** WHAT YOU SHOULD DO **
Could you copy exactly the lines below from the one with "Los investigadores emplearon" to the one with "Verify the puppy’s", inclusive, leaving out any pictures?

== INPUT

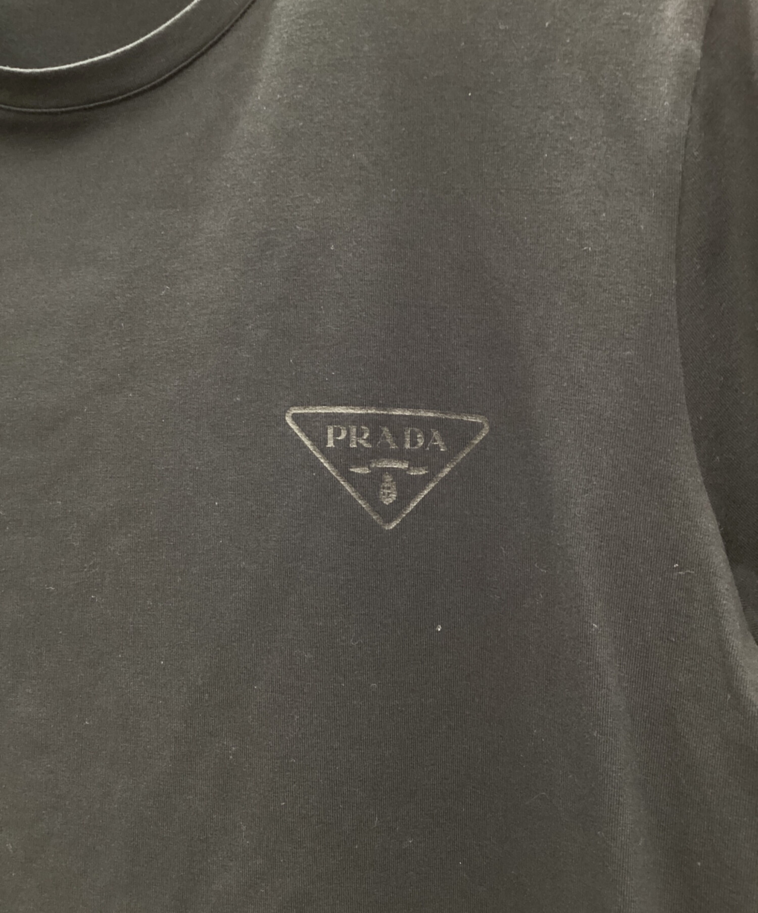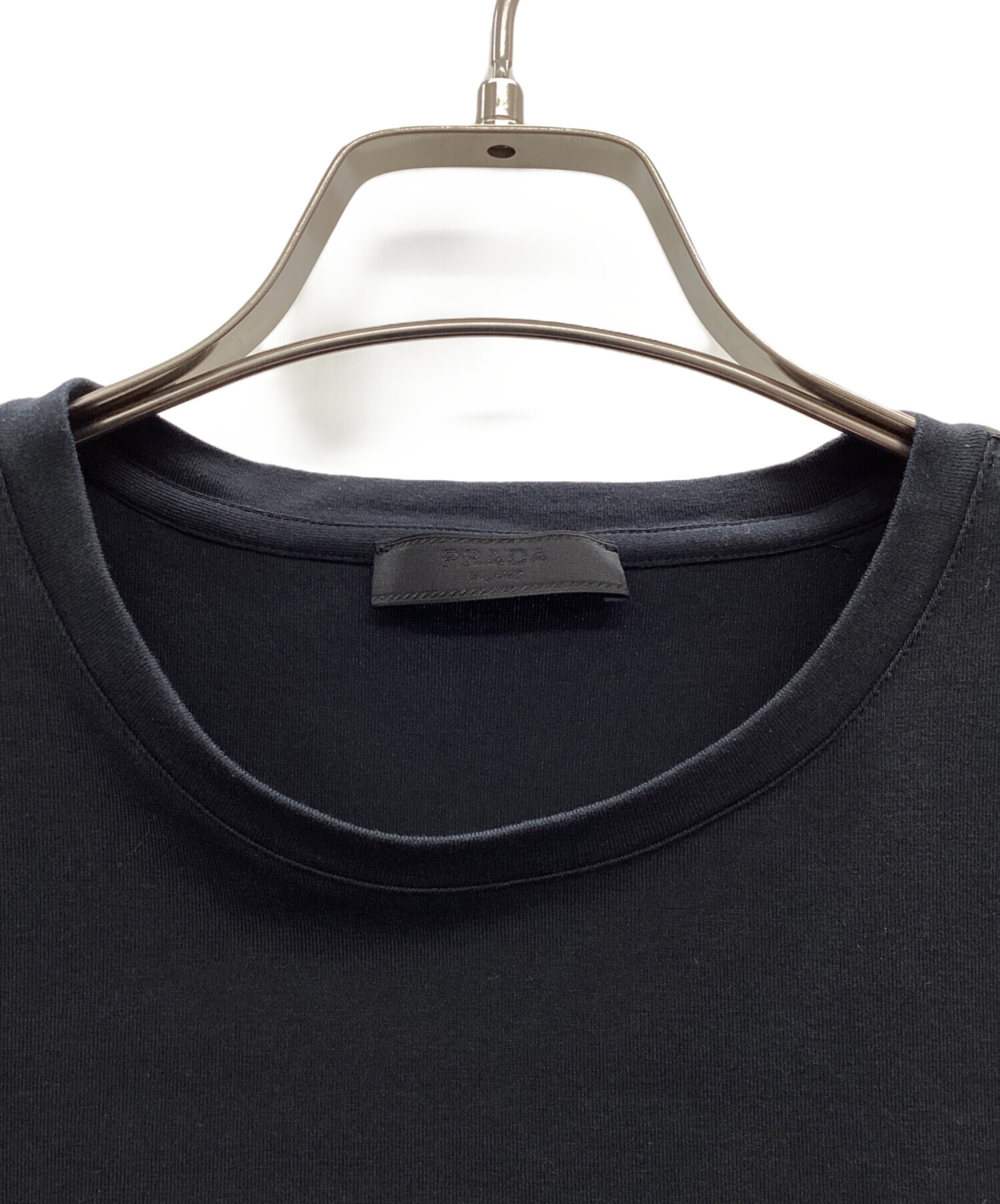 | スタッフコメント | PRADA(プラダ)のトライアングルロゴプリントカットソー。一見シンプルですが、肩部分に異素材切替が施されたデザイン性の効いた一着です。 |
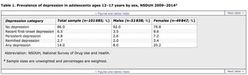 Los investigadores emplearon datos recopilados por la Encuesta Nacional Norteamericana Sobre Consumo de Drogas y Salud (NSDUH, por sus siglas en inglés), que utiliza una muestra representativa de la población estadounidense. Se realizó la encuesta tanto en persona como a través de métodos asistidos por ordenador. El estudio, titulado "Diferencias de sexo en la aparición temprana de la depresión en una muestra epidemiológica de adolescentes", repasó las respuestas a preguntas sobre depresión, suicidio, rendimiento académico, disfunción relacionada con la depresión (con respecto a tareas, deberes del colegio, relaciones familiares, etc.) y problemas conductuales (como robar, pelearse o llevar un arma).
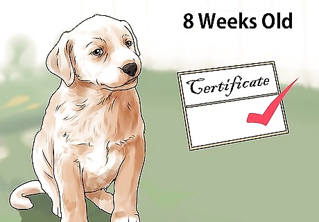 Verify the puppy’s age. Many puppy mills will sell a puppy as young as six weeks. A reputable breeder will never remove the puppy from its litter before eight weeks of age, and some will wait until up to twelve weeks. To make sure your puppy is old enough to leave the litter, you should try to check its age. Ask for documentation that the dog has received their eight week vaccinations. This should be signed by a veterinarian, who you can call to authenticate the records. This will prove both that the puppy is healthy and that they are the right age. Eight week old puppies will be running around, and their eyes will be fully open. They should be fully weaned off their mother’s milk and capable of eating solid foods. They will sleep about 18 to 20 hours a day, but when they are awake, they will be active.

====
== INPUT

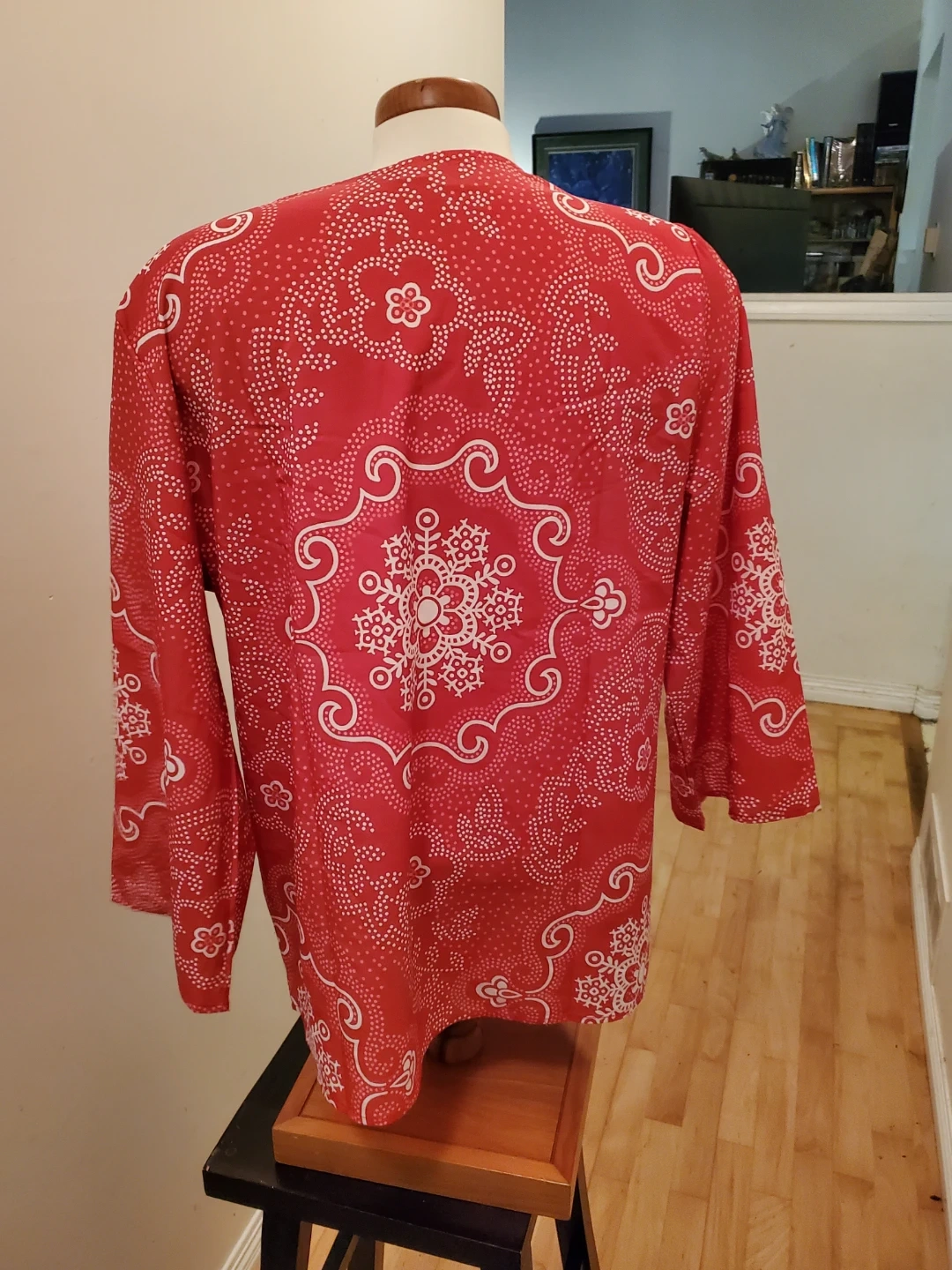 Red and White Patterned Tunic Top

====

** ANSWER FOR THE TASK **
 Los investigadores emplearon datos recopilados por la Encuesta Nacional Norteamericana Sobre Consumo de Drogas y Salud (NSDUH, por sus siglas en inglés), que utiliza una muestra representativa de la población estadounidense. Se realizó la encuesta tanto en persona como a través de métodos asistidos por ordenador. El estudio, titulado "Diferencias de sexo en la aparición temprana de la depresión en una muestra epidemiológica de adolescentes", repasó las respuestas a preguntas sobre depresión, suicidio, rendimiento académico, disfunción relacionada con la depresión (con respecto a tareas, deberes del colegio, relaciones familiares, etc.) y problemas conductuales (como robar, pelearse o llevar un arma).
 Verify the puppy’s age. Many puppy mills will sell a puppy as young as six weeks. A reputable breeder will never remove the puppy from its litter before eight weeks of age, and some will wait until up to twelve weeks. To make sure your puppy is old enough to leave the litter, you should try to check its age. Ask for documentation that the dog has received their eight week vaccinations. This should be signed by a veterinarian, who you can call to authenticate the records. This will prove both that the puppy is healthy and that they are the right age. Eight week old puppies will be running around, and their eyes will be fully open. They should be fully weaned off their mother’s milk and capable of eating solid foods. They will sleep about 18 to 20 hours a day, but when they are awake, they will be active.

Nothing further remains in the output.